Karpenter
originally by AWS
Karpenter is an open-source, Kubernetes-native node autoscaler that provisions and terminates compute nodes directly in response to unschedulable pod demand, choosing optimal instance types and sizes in real time rather than relying on…
Definition
Karpenter is an open-source, Kubernetes-native node autoscaler that provisions and terminates compute nodes directly in response to unschedulable pod demand, choosing optimal instance types and sizes in real time rather than relying on statically defined, pre-sized node groups.
Overview
Karpenter was created by AWS and open-sourced in 2021 to address limitations of the Kubernetes Cluster Autoscaler, which scales predefined, fixed-shape node groups (Auto Scaling Groups) up or down but cannot flexibly choose instance types or sizes to best match pending workloads. Karpenter instead watches the Kubernetes scheduler directly: when pods are unschedulable due to insufficient capacity, Karpenter evaluates the pending pods' actual resource requests, constraints, and affinity rules, then provisions right-sized nodes on demand — potentially mixing instance families, sizes, and purchase options (On-Demand vs. Spot) within a single 'NodePool' to optimize for cost and availability. Because Karpenter provisions nodes directly via cloud provider APIs rather than through fixed autoscaling groups, it can launch a new node in response to a pending pod within seconds, and just as importantly, it actively consolidates and terminates underutilized or expiring nodes, continuously repacking pods onto fewer, better-utilized nodes to reduce cost — something the Cluster Autoscaler handles less aggressively. Karpenter is configured via Kubernetes-native custom resources (NodePools and NodeClasses) rather than cloud-specific autoscaling group configuration, making capacity management feel like a first-class part of the Kubernetes API rather than an external cloud console concern. Karpenter was donated to the Cloud Native Computing Foundation (CNCF) and reached general availability with broadened multi-cloud ambitions, though its most mature and widely used implementation remains on AWS (EKS); community and vendor efforts have extended support toward Azure AKS and other providers. It's frequently paired with Spot Instance strategies to cut compute costs significantly for fault-tolerant or interruption-tolerant workloads, with Karpenter handling graceful node drain and pod rescheduling on Spot interruption notices.
Key Features
- Provisions right-sized nodes directly in response to unschedulable pod demand
- Bypasses fixed-shape Auto Scaling Groups used by the traditional Kubernetes Cluster Autoscaler
- Selects optimal instance type, size, and purchase option (On-Demand vs. Spot) per workload
- Actively consolidates and terminates underutilized nodes to reduce cost
- Configured via Kubernetes-native custom resources (NodePools, NodeClasses)
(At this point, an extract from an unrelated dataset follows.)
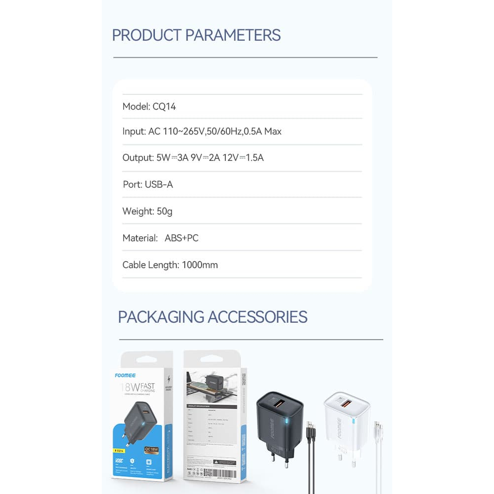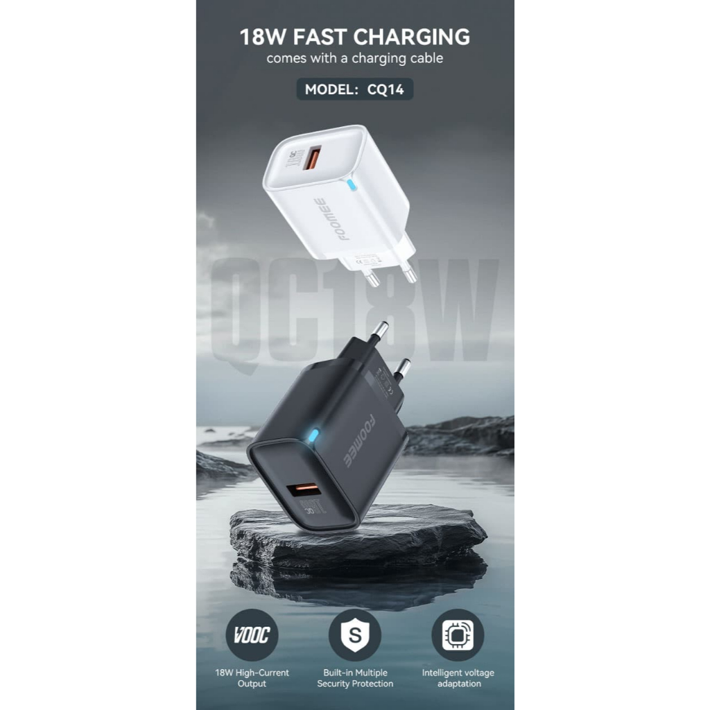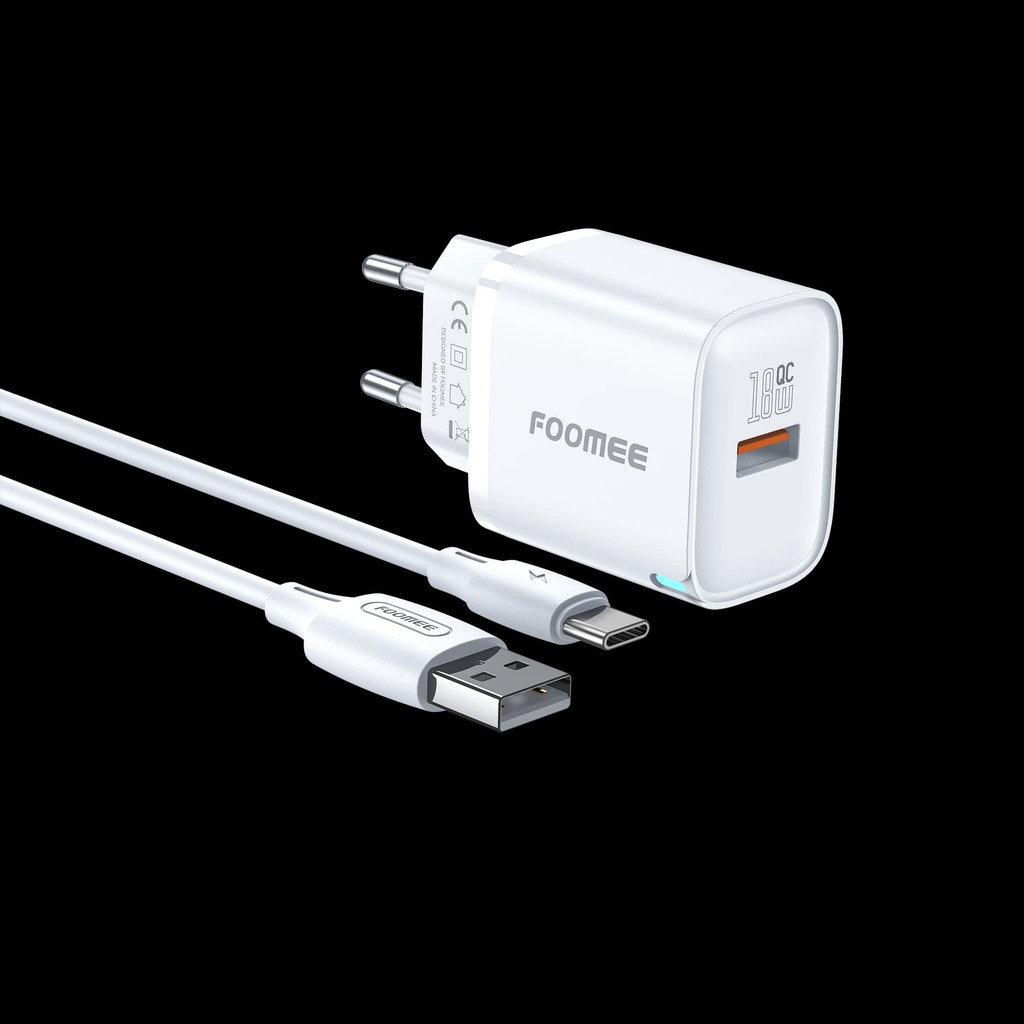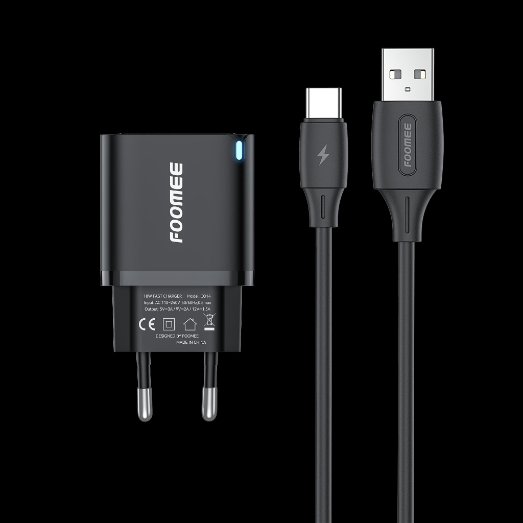 [PROMO] TERMURAH Foomee CQ14 Charger 18W + Kabel Data Type 1000mm FLASH CHARGING WITH 1M USB TO TYPEC CHARGING CABLE

- Provisions new nodes within seconds by calling cloud provider APIs directly
- Donated to the CNCF, with primary maturity on AWS EKS and growing multi-cloud support
- Handles graceful pod rescheduling on Spot Instance interruption
Use Cases
Alternatives
History
Karpenter is an open-source, high-performance node autoscaler for Kubernetes. AWS created and open-sourced it in 2021 — announcing general availability at v0.5 in November 2021 — as a flexible, faster alternative to the traditional Cluster Autoscaler. Rather than scaling fixed node groups, Karpenter observes unschedulable pods and provisions right-sized compute directly, often bringing capacity online in under a minute, then consolidates and removes nodes as load drops. In 2023 AWS contributed the vendor-neutral core of the project to the Cloud Native Computing Foundation through the Kubernetes Autoscaling SIG, and Karpenter reached its 1.0 release in 2024. It is licensed under Apache 2.0.